==== Data

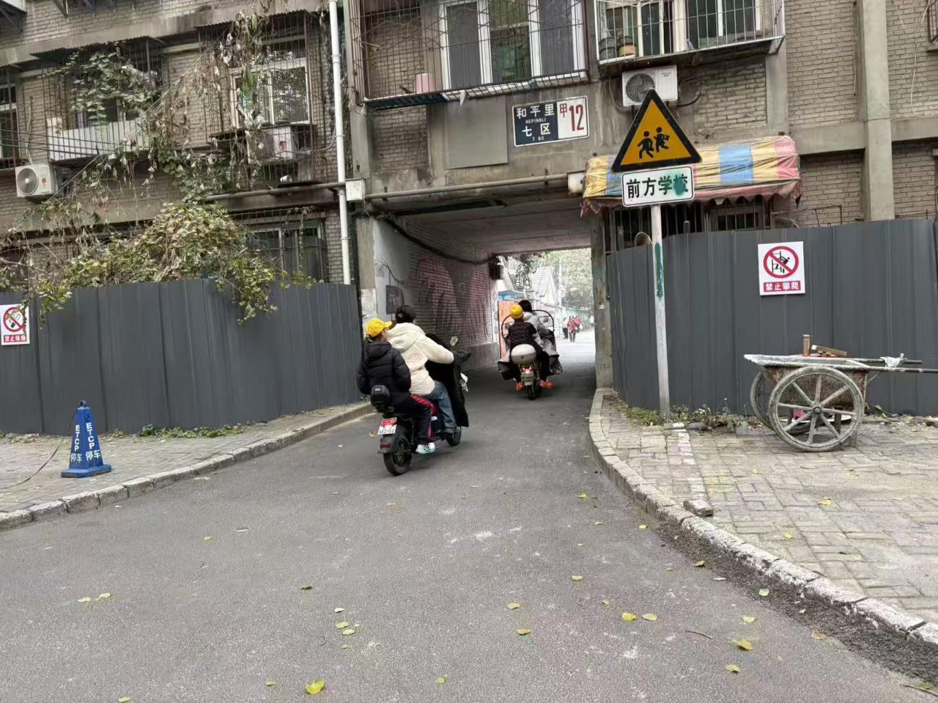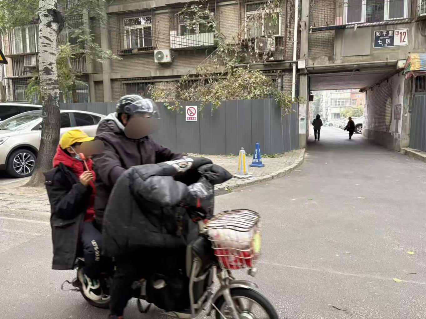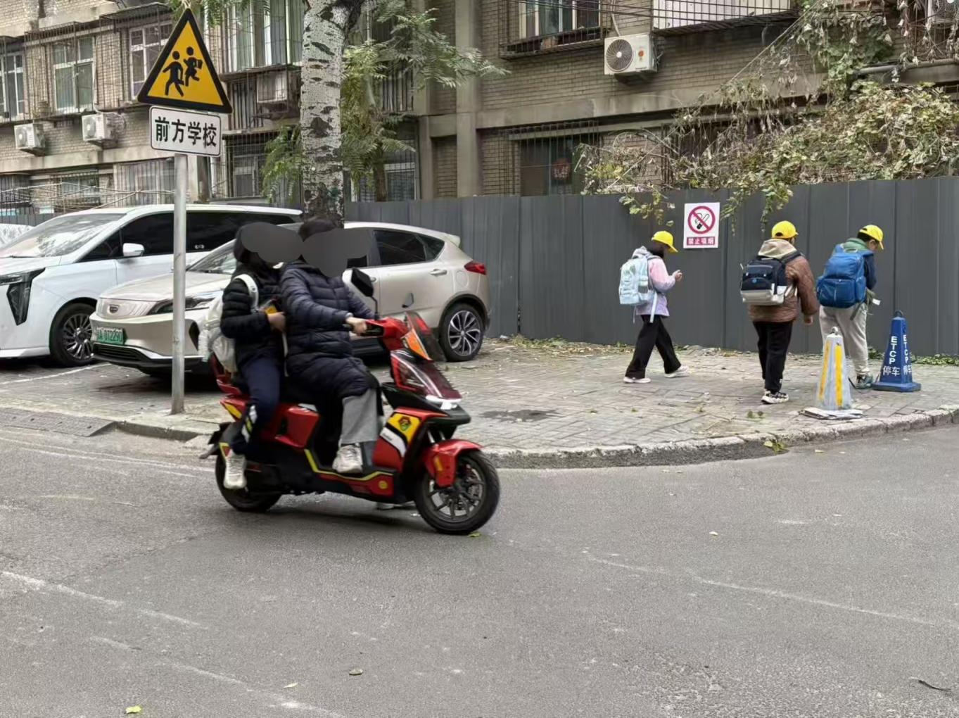 东城区和平里第九小学周边老式居民楼较多,通往学校的道路相对狭窄。早上7时30分左右,不少家长都是骑着电动车送孩子上学。在通往学校的路口处,记者看到不少家长和孩子都没有戴头盔。有一个女孩子坐在电动车后座上,手里还拿着手机看视频。骑车的家长为躲避对面一辆掉头的电动车,不得不紧急刹车,后座上的孩子由于惯性,头部直接撞上了家长的后背,手机也差点掉在地上。
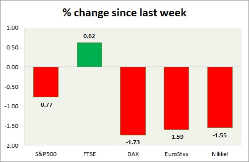 Equities are all green in today’s trading. Kindly note all instruments mentioned here are CFDs, whose values might differ from cash or future traded. Performance this week at a glance in chart & table -
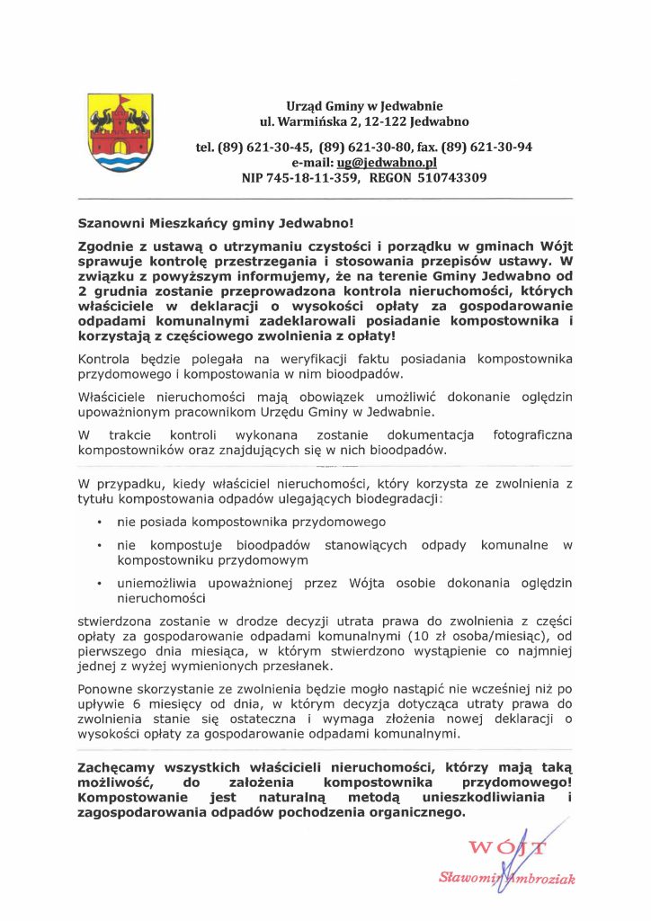 3. Szanowni Mieszkańcy gminy Jedwabno! Zgodnie z ustawą o utrzymaniu czystości i porządku w gminach Wójt sprawuje kontrolę przestrzegania i stosowania przepisów ustawy. W związku z powyższym informujemy, że na terenie Gminy Jedwabno od 2 grudnia zostanie przeprowadzona kontrola nieruchomości, których właściciele w deklaracji o wysokości opłaty za gospodarowanie odpadami komunalnymi zadeklarowali posiadanie kompostownika i korzystają z częściowego zwolnienia z opłaty!
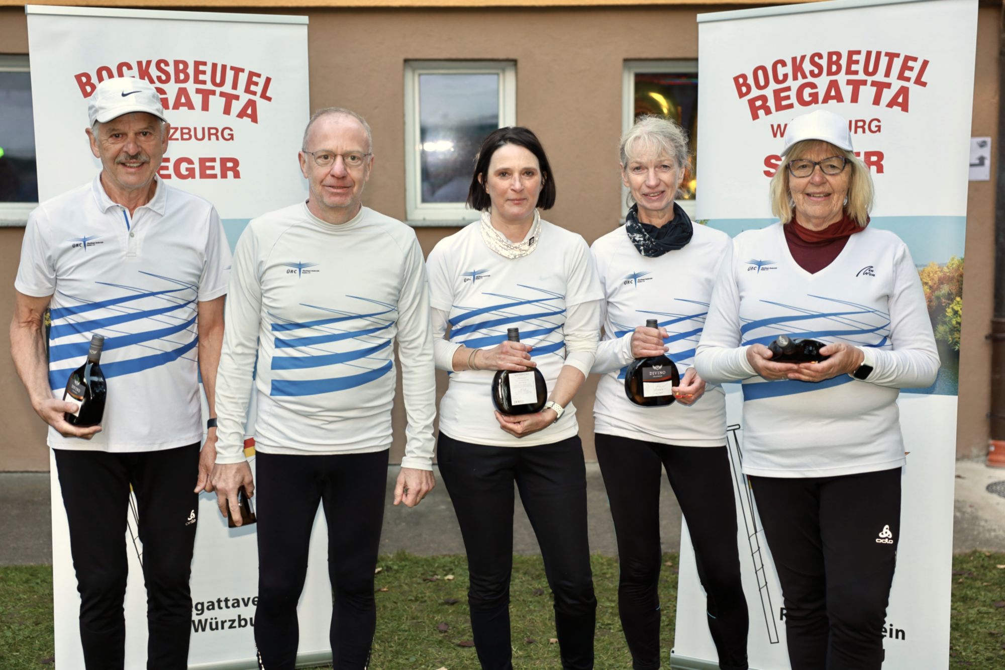 Bei etwas frischem, aber ansonsten schönstem Herbstwetter konnten wir den Tag in Würzburg verbringen und unsere beiden Rennen absolvieren. Der Vierer mit Verena, Hubert, Sabine, Peter und Ulrike am Steuer startete gegen 11 Uhr in der Klasse „Masters-Mixed Doppelvierer m. St. Gig G“. Einen direkten Gegner gab es nicht, dafür galt es die Zeitvorgabe von 19:18 Minuten aus den Vorjahren zu unterbieten. Lautstark angefeuert von den Teilnehmern des Überlinger Achters erreichte der Vierer nach 19:14 min das Ziel und erkämpfte sich damit den ersten Platz in seiner Klasse !
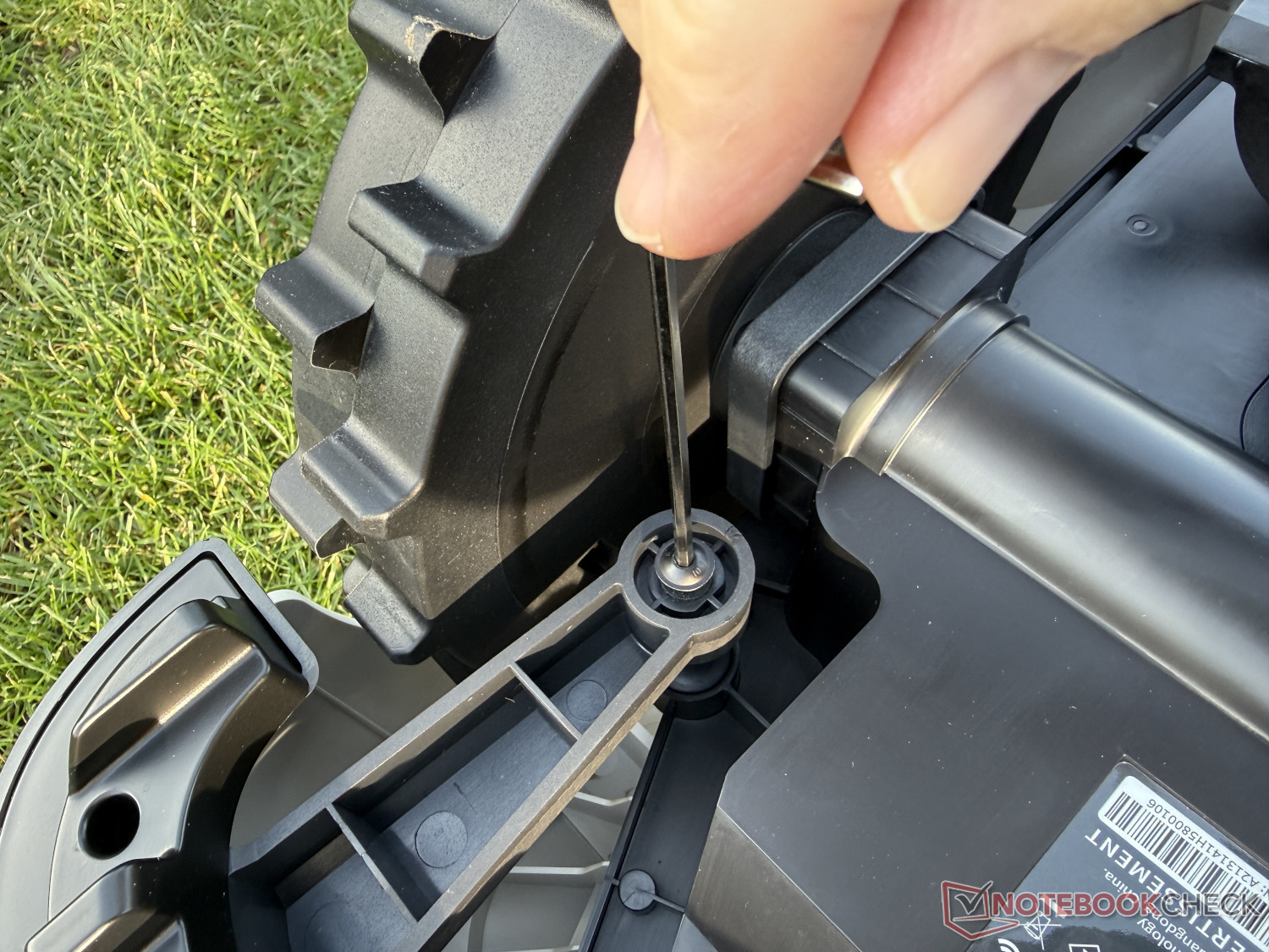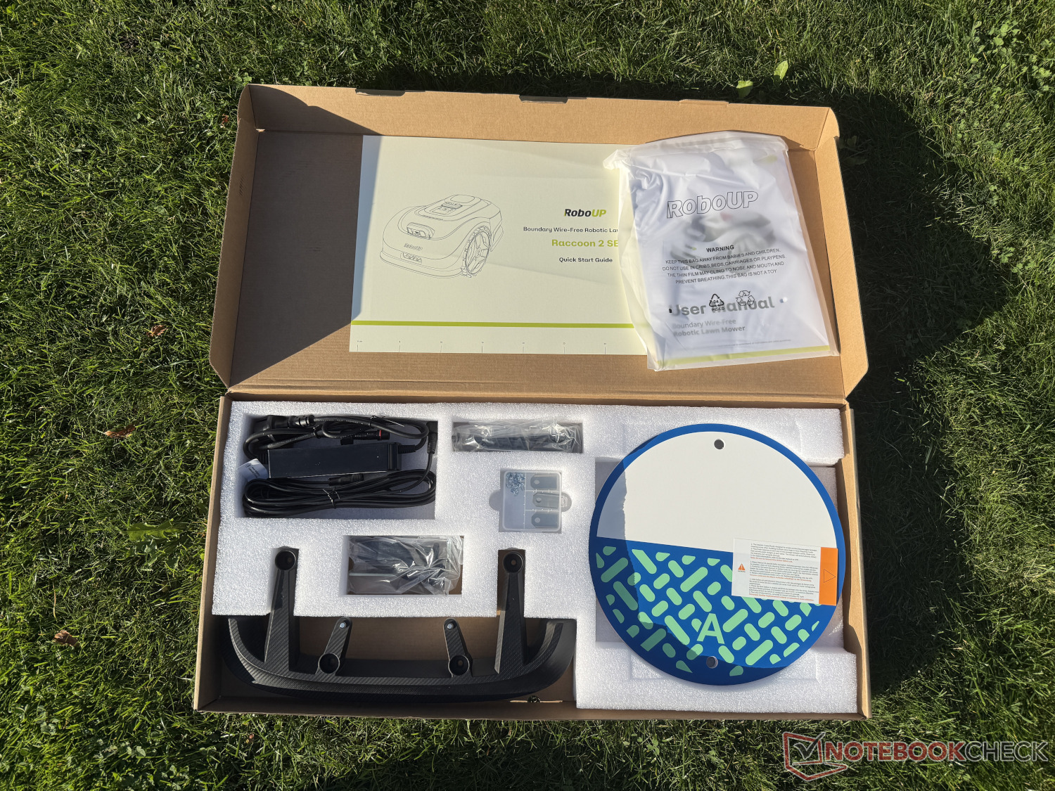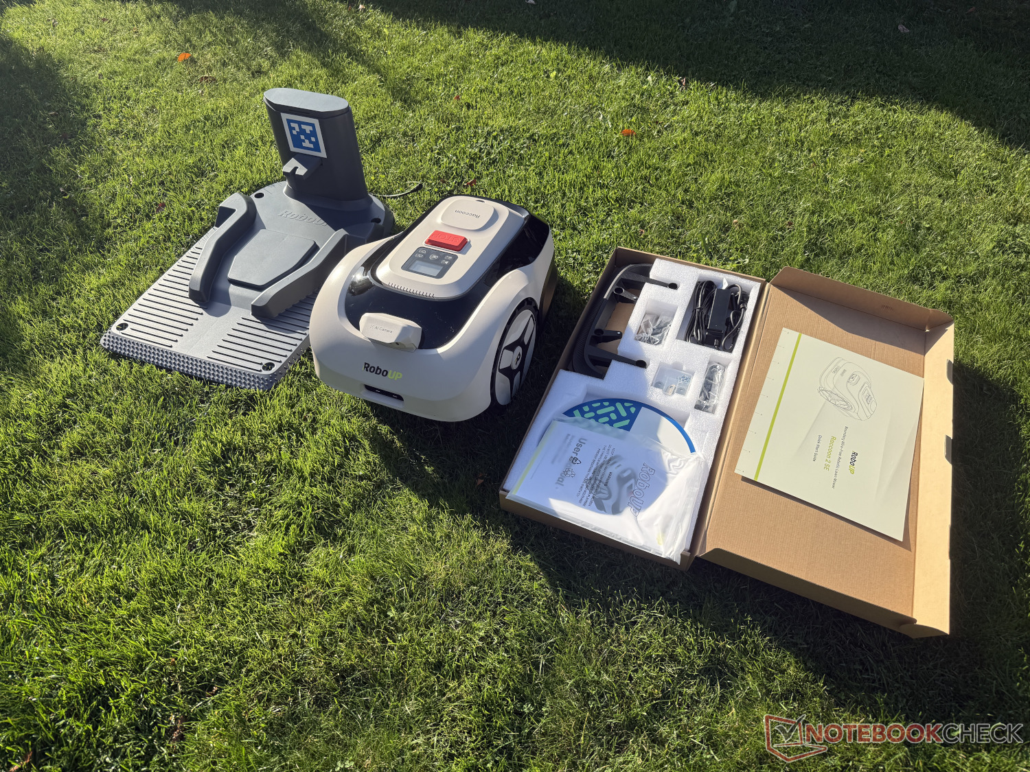 Antes de empezar a segar es necesario realizar algunos pasos. Además de instalar la estación de carga (conexión eléctrica y fijación con tornillos de tierra), hay que atornillar el parachoques delantero a la parte inferior del aparato a modo de parachoques. Se incluyen las herramientas necesarias, así como dos balizas (más información al respecto más adelante) y tres juegos de cuchillas de repuesto. El RoboUp Raccoon 2 SE está entonces listo para su uso.
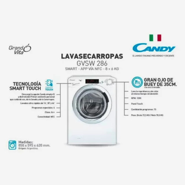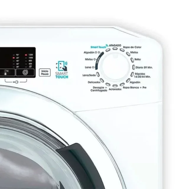 Los lavasecarropas Candy están equipados con la tecnología de proximidad Smart Touch, que te permite mejorar tu experiencia de lavado y secado. Podrás disfrutar de funciones adicionales, obtener consejos útiles sobre el uso más eficiente de tu electrodoméstico y tener acceso a una guía de solución de problemas, directamente desde tu smartphone.
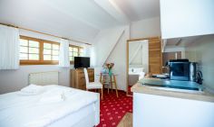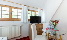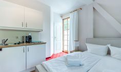 Das gemütliche Einraum-Appartement im ersten Stock ist passend zum Strand mit Holz und hellen Farben eingerichtet. Im Wohn- und Schlafraum befinden sich eine kleine Sitzgelegenheit, ein Doppelbett (140 cm), eine Miniküche und ein Esstisch an bodentiefen Fenstern. Das separate Bad ist mit Dusche/WC ausgestattet.
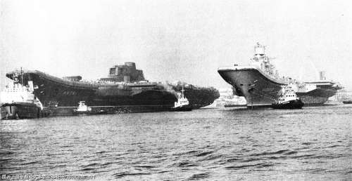 “瓦良格”号(左)与“库兹涅佐夫”号在黑海造船厂的合影 |

========

- [Work to complete] Reproduce the data exactly as it appears above. Pictures are to be left out.

- [Solution to the exercise]
 东城区和平里第九小学周边老式居民楼较多,通往学校的道路相对狭窄。早上7时30分左右,不少家长都是骑着电动车送孩子上学。在通往学校的路口处,记者看到不少家长和孩子都没有戴头盔。有一个女孩子坐在电动车后座上,手里还拿着手机看视频。骑车的家长为躲避对面一辆掉头的电动车,不得不紧急刹车,后座上的孩子由于惯性,头部直接撞上了家长的后背,手机也差点掉在地上。
 Equities are all green in today’s trading. Kindly note all instruments mentioned here are CFDs, whose values might differ from cash or future traded. Performance this week at a glance in chart & table -
 3. Szanowni Mieszkańcy gminy Jedwabno! Zgodnie z ustawą o utrzymaniu czystości i porządku w gminach Wójt sprawuje kontrolę przestrzegania i stosowania przepisów ustawy. W związku z powyższym informujemy, że na terenie Gminy Jedwabno od 2 grudnia zostanie przeprowadzona kontrola nieruchomości, których właściciele w deklaracji o wysokości opłaty za gospodarowanie odpadami komunalnymi zadeklarowali posiadanie kompostownika i korzystają z częściowego zwolnienia z opłaty!
 Bei etwas frischem, aber ansonsten schönstem Herbstwetter konnten wir den Tag in Würzburg verbringen und unsere beiden Rennen absolvieren. Der Vierer mit Verena, Hubert, Sabine, Peter und Ulrike am Steuer startete gegen 11 Uhr in der Klasse „Masters-Mixed Doppelvierer m. St. Gig G“. Einen direkten Gegner gab es nicht, dafür galt es die Zeitvorgabe von 19:18 Minuten aus den Vorjahren zu unterbieten. Lautstark angefeuert von den Teilnehmern des Überlinger Achters erreichte der Vierer nach 19:14 min das Ziel und erkämpfte sich damit den ersten Platz in seiner Klasse !
 Antes de empezar a segar es necesario realizar algunos pasos. Además de instalar la estación de carga (conexión eléctrica y fijación con tornillos de tierra), hay que atornillar el parachoques delantero a la parte inferior del aparato a modo de parachoques. Se incluyen las herramientas necesarias, así como dos balizas (más información al respecto más adelante) y tres juegos de cuchillas de repuesto. El RoboUp Raccoon 2 SE está entonces listo para su uso.
 Los lavasecarropas Candy están equipados con la tecnología de proximidad Smart Touch, que te permite mejorar tu experiencia de lavado y secado. Podrás disfrutar de funciones adicionales, obtener consejos útiles sobre el uso más eficiente de tu electrodoméstico y tener acceso a una guía de solución de problemas, directamente desde tu smartphone.
 Das gemütliche Einraum-Appartement im ersten Stock ist passend zum Strand mit Holz und hellen Farben eingerichtet. Im Wohn- und Schlafraum befinden sich eine kleine Sitzgelegenheit, ein Doppelbett (140 cm), eine Miniküche und ein Esstisch an bodentiefen Fenstern. Das separate Bad ist mit Dusche/WC ausgestattet.
 “瓦良格”号(左)与“库兹涅佐夫”号在黑海造船厂的合影 |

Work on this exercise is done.